For teams using Sonnet, Opus, or Haiku. The API is unaffected. The regulatory precedent is. It’s worth: (a) mapping deploy dependencies to which model classes and which operating jurisdictions; (b) tracking whether precedent replication to other frontier models impacts your pipelines; (c) if operating in regulated sectors (finance, healthcare, public sector, defense), informing legal and compliance teams that a new regulatory tool (export control directive) has been demonstrated against a commercial production model, within 72 hours of launch.

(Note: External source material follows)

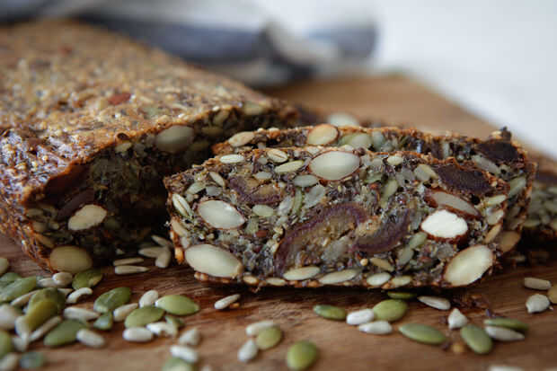 Una alternativa de fácil nutrientes pan denso hecha de almendras, las semillas y las fechas. Delicious en su el propios con el crujiente de frutos secos, semillas y natural dulzura de dátiles medjool, mejor aún cubiertas con semillas de sésamo y miel. Esta tuerca y semilla de pan puede ser cortado y congelado para un rápido desayuno saludable cada mañana durante la semana ocupada. Las almendras pueden reemplazarse con cualquier semilla preferida para mantener este pan de nuez gratis.

For AI policy practitioners. The Advanced AI Framework is the first detailed AI policy proposal published by a major lab. Three things to do: (1) read the original 27-page PDF, not just the blog summary; (2) also read Amodei’s essay, which contains the regulatory framing and the FAA analogy; (3) follow the framework’s trajectory on Capitol Hill and in Brussels over the next 3-6 months — the proposal is explicitly presented as the basis for a legislative process.
For those following the AIN-55 (Fable 5 invisible safeguards) story. That was a story about an Anthropic product choice (invisible safeguards for distillation) and its correction. This is a story about a government directive and Anthropic’s position toward it. Same model, two different events, two different policy implications. Reading them as one story would confuse the picture.
Verdict
On June 10, 2026, Anthropic published a proposal asking the US government for blocking power over the riskiest frontier models, with a statutory, transparent, fair, clear, and grounded in technical facts process. On June 12 — 48 hours later — that power was exercised on Fable 5 and Mythos 5 without following that process. Anthropic complies and, in the same statement, cites its own proposal to challenge the procedure. It’s a rare moment: a major lab publicly requests stricter rules for itself, and those rules become operational in 48 hours in a form the lab contests. The open question isn’t “when will Fable 5 and Mythos 5 return,” but whether the regulatory precedent holds, and whether other labs join Anthropic’s position or distance themselves from it.
“We believe the government should have the ability to block unsafe deployments, as part of a statutory process that is transparent, fair, clear, and grounded in technical facts. This action does not adhere to those principles.”
— Anthropic, statement of June 12, 2026, in Italian translation of the original English passage.